A.N. Chandurkar, J. -
(1.) The only point which has been argued in these two cases is that a prosecution under Sec. 139 of the Maharashtra Municipalities Act, 1965 (hereinafter referred to as the Act) cannot be instituted unless a bill as required by Sec. 138 of the Act is presented by the Municipal Council. The two applicants in these revision applications claim to be partners of a partnership firm. Both of them are being prosecuted under Sec. 139 of the Act on the allegation that on 12 -4 -1970 and 14 -4 -1970 they imported 90 quintals of sugar within the municipal limits of Buldana without payment of octroi which they were bound to pay In respect of the sugar imported on 12 -4 -1970 the applicants were liable to pay, according to the Municipal Council, Rs. 128.12 by way of octroi, and in respect of the sugar brought in on 14 -7 -1970 the octroi payable was Rs. 137.50. The complaint filed by the Municipal Council states that octroi was imposed under Sec. 103 (1) (b) of the Act. It was also recited in the complaint that both the accused were given notice under Sec. 337 (1) of the Act and information was called for but the accused had failed to comply with the notices and had willfully supplied false information and they had committed an offence under Sec. 137 read with Sec. 299 of the Act (section 259 appears to be a mistake). A preliminary objection seems to have been taken by the accused in both the cases. The only objection which is material for the purposes of these revision applications is that, according to the accused, the prosecution was not maintainable inasmuch as no bill of the said tax has been tendered to the accused as required by the mandatory provisions of Sec. 138 of the Act before launching the prosecution under Sec. 139. This objection has been rejected by the trying Magistrate and the revision applications filed by the two accused were rejected by the Sessions Judge, Buldana.
(2.) It is contended before me on behalf of the applicants that under Sec. 137 of the Act power is given to an officer authorised by the Chief Officer to require a person bringing into or receiving from beyond the octroi limits of the Council any animal or goods on which octroi is payable, to furnish any information with regard to the animal or goods which have been brought within the municipal limits without paying octroi and under Sec. 138 of the Act, a bill demanding the octroi which such person was liable to pay has to be presented to that person. The argument is that Sec. 139 follows Sec. 138 and the scheme of the Act must, therefore, be so construed that a prosecution under Sec. 139 was not contemplated unless a bill as required by Sec. 138 has been presented. According to the learned counsel, no such bill was ever presented and, therefore, the prosecution under Sec. 139 could not go on. It is not disputed that a bill as required by Sec. 138 was not presented to the two accused in respect of the octroi which they were liable to pay. The question which, therefore, falls to be considered is whether the launching of the prosecution under Sec. 139 of the Act is dependent on action being taken against a person who is charged with the evasion of octroi under Sec. 137 and 138 of the Act. It is necessary to reproduce these three relevant provisions of the Act which are as follows ;
137.(1) A person bringing into or receiving from beyond the octroi limits of a Council any animal or goods on which octroi is payable shall, when required by an officer authorised in this behalf by the Chief Officer and so far as may be necessary for ascertaining the amount of tax chargeable, -
(a) Permit that officer to inspect, examine weigh and otherwise deal with such animal or goods;
(b) communicate to that officer any information and exhibit to him any bill, invoice or document of a like nature, which he may possess relating to such animal or goods; and
(c) make a declaration in writing to that officer regarding the correctness and accuracy of the document shown to him.

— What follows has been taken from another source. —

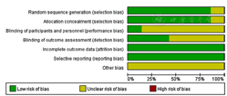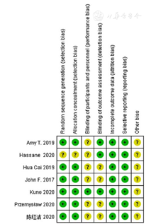 总体分析,文献均存在一定的偏倚风险,在随机分配方面:DOMASZEWSKI等[14]、陈红洁等[13]采用了随机分配方法,但未具体说明用哪种随机分配;CAI等[12]采用电脑随机数字表法;ZOUHAL等[15]并未说明是否采用随机分配方法;HOTTENROTT等[16]、HUTCHISON等[17]、TREPANOWSKI等[18]采用电视、报纸刊录的方式招募研究对象,并随机分配研究对象;其中HOTTENROTT等[16]文献质量最高,采用了组内双盲的方法,其他偏倚风险也较低,其余文献均未采用双盲;而试验结果的选择性报告和其他偏倚风险指标,由于其独特性,文献均未报告,但整体文献质量处于较高水平。文献的方法学质量见图2、图3。

(2) If any person bringing into or receiving from beyond the octroi limits of a Council in which octroi is leviable, any conveyance or package, refuses on demand of an officer authorised by the Chief Officer in this behalf, to permit the officer to inspect the contents of the conveyance or package for the purpose of ascertaining whether it contains anything in respect of which octroi is payable, the officer may cause the conveyance or package to b^ taken without unnecessary delay before such Executive Magistrate, as the State Government appoints in this behalf by name or office, who shall cause the inspection to be made in his presence.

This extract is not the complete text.